[SPIKE] Investigate ingestion of significant vulnerability data into ClickHouse
As a follow up to #352665 (closed), we should to investigate the engineering complexity of ingesting significant quantities of vulnerability data into ClickHouse, parsing it and ensuring that ClickHouse remains functional and performant with our strategy of doing this as a potential alternative solution to ElasticSearch for metric aggregation and near-real-time querying.
Expected Outcomes
-
Determine the engineering complexity involved in vulnerability ingestion into ClickHouse. Some questions to consider: -
Does ClickHouse have an API we want to push vulnerability information into one at a time, or in bulk? -
Do we need to write to a file and ingest that into ClickHouse some different way? -
What is the way GitLab currently ingests issue data into ClickHouse for the Advanced Search capability, and can we mimic it? -
If the data needs to be ingested asynchronously, what kind of delays should we expect?
-
-
Investigate the costs related to our use of ClickHouse. -
What is our expected data domain size in ClickHouse?
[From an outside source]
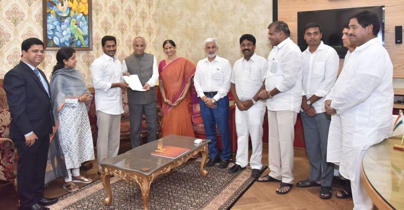 హైదరాబాద్: వైయస్ఆర్ కాంగ్రెస్ పార్టీ అధినేత, ఆంధ్రప్రదేశ్ రాష్ట్రానికి కాబోయే సీఎం వైయస్ జగన్ తెలుగు రాష్ట్రాల గవర్నర్ నరసింహన్ ను కలిశారు. వైయస్ జగన్ తోపాటు ఆయన సతీమణి వైయస్ భారతి, వైసీపీ నేతలు విజయసాయిరెడ్డి, బొత్స సత్యనారాయణ, మిథున్ రెడ్డి, ధర్మాన ప్రసాదరావు, ఆదిమూలపు సురేష్ బుగ్గన రాజేంద్రనాథ్ రెడ్డిలు గవర్నర్ ను కలిశారు.

What kind of cost impact might this have on GitLab.com? (Bearing in mind we do already have an ClickHouse deployment)
-
-
What will the impact be on our self-managed users? -
What kind of resources will be needed to run a ClickHouse instance? -
What sort of administrative complexity would this incur on our self-managed users? -
What complexity would be involved in making this behaviour opt-in?
-